Logré llegar a una cerco de piedra donde apenas y podía ver la pequeña casita, quería volver, pero no sabía como, mis piernas ya no me respondían. Si volvía a pedir ayuda tal vez ya sería demasiado tarde para mis amigos. Intenté reunir valor para volver, y escuché aquel ruido tan extraño, era como si hubiera fragmentos de metal tallándose unos con otros, la casa comenzó a moverse y una de las habitaciones se despegó del suelo, "maldita sea", que era todo aquello, no podía entender que estaba sucediendo, pero mi miedo estaba llegando a horizontes totalmente desconocidos para mí. Me temblaba todo el cuerpo, y una lágrima corrió por mi mejilla sin que yo pudiera darme cuenta.

Otra habitación más se despegó del suelo, vaya lío.
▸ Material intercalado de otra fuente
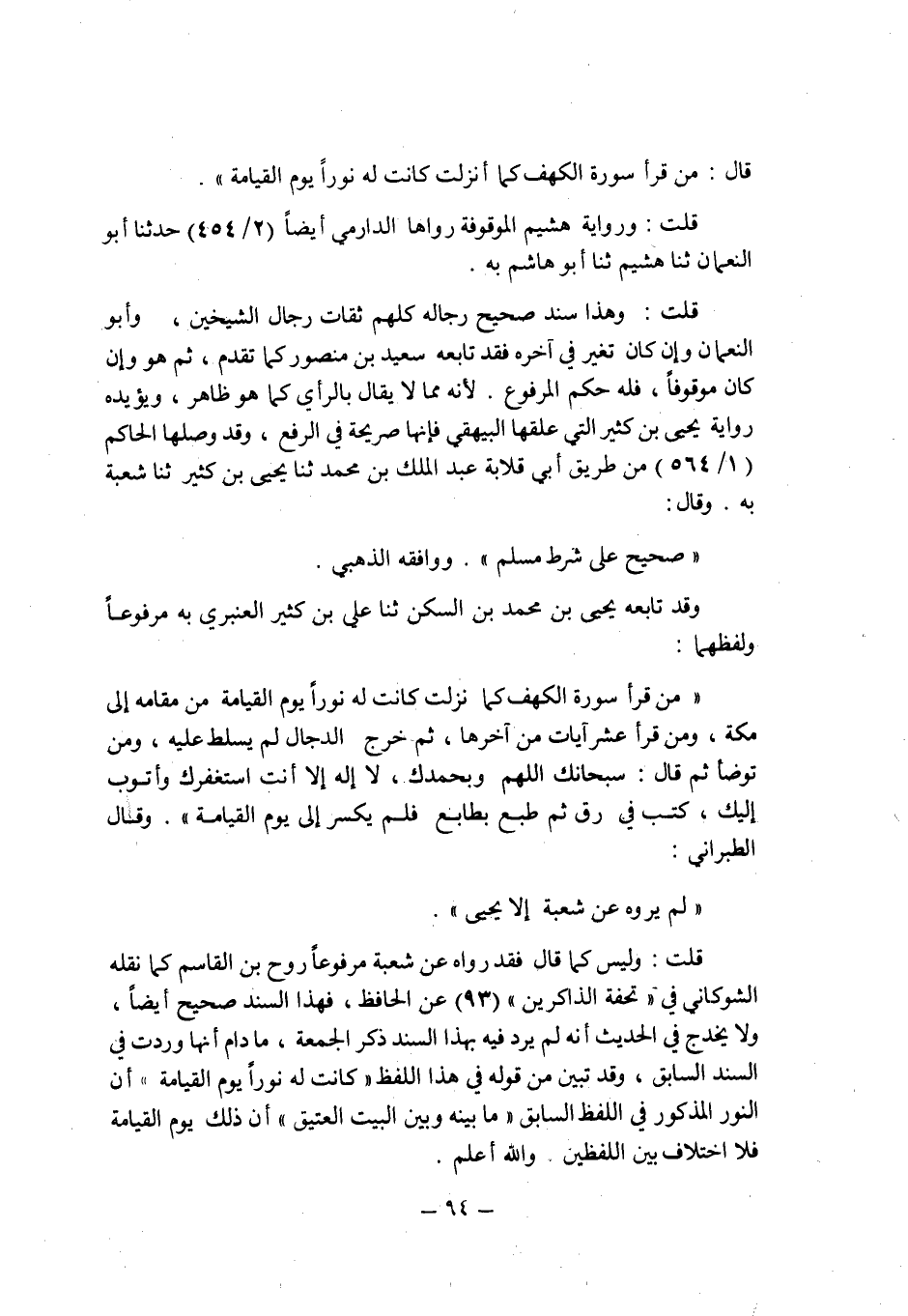 قلت: وليس كما قال فقد رواه عن شعبة مرفوعا روح بن القاسم كما نقله الشوكانى فى " تحفة الذاكرين " عن الحافظ , فهذا السند صحيح أيضا , ولا يخدج فى الحديث أنه لم يرد فيه بهذا السند ذكر الجمعة , ما دام أنها وردت فى السند السابق , وقد تبين من قوله فى هذا اللفظ " كانت له نورا يوم القيامة " أن النور المذكور فى اللفظ السابق " ما بينه وبين البيت العتيق " أن ذلك يوم القيامة فلا اختلاف بين اللفظين , والله أعلم.

No podía creer lo que estaba pasando y en un abrir y cerrar de ojos la casa se erigió y pude distinguir entre los árboles una silueta semihumana, formada con con el conjunto de estructuras que originalmente eran una casa. Que espanto, que horrible, que feo, era todo aquello, y de repente se giró y pude sentir como su miraba, era una sensación escalofriante, no tenía ojos, sin embargo podía sentir su penetrante mirada. 

Un par de pequeños animales de colores corrieron a refugiarse en el cerco, parecían estar hechos de gelatina, de enormes gelatinas multicolores. Luego en un movimiento frío comenzó a moverse aquel enorme espectro urbano y se perdió entre los árboles del bosque lentamente. Jamás volví a ver aquella casa, ni a mis amigos. Cuentan que aquel edificio vaga de montaña en montaña, aguardando pacientemente por jóvenes curiosos que deciden adentrarse en el.